Ausgabe Dezember 2003

Narrative versus normative Theorie

Demokratiediskurse in Frankreich

Mit dem folgenden Text erinnern die "Blätter" an einen ihrer Autoren – den vor einem Jahr, am 11. Dezember 2002, ganz unerwartet verstorbenen Rainer Rochlitz. Der Nachruf in "Le Monde" charakterisierte ihn als den "Passeur", den Fährmann, zwischen den Philosophien diesseits und jenseits des Rheins. "Passeur" ist auch der Fluchthelfer. Gewissermaßen geflohen ist Rainer Rochlitz 1967 aus dem Bonner "Treibhaus" – er brauchte frische Luft. Der junge Romanist und Philosoph gelangte über Florenz zunächst nach Bordeaux. Als er von dort nach Frankfurt zurückkehren wollte, erfuhr er vom Tod Adornos und ging stattdessen nach Paris. Lucien Goldmann, mit dem er eine Dissertation über den jungen Lukács verabredet hatte, starb ein Jahr später. Wiederum ein Jahr darauf beging Peter Szondi, mit dem er inzwischen Kontakt aufgenommen hatte, um seine Arbeit in Berlin abzuschließen, Selbstmord.
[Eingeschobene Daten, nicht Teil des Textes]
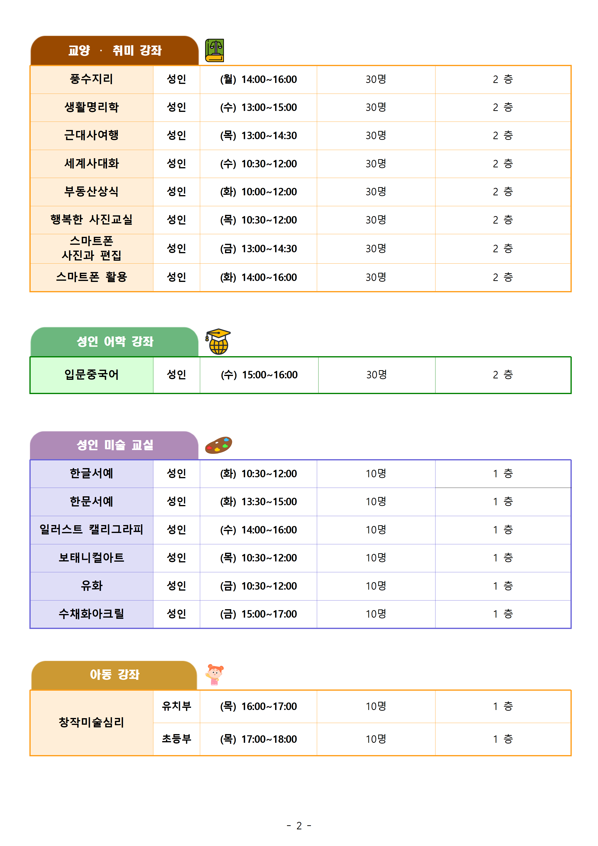 4분기 문화/예술 강좌 수강생을 모집합니다.

Rochlitz blieb in Paris, habilitierte sich schließlich an der Sorbonne, heiratete, wurde 1981 französischer Staatsbürger – und konnte sich erst dann in der akademischen Welt Frankreichs etablieren.

Wie seine höchst originellen Arbeiten zur Ästhetik von Lukács, Benjamin und Adorno zeigen, war Rochlitz ein Philosoph aus eigenem Recht.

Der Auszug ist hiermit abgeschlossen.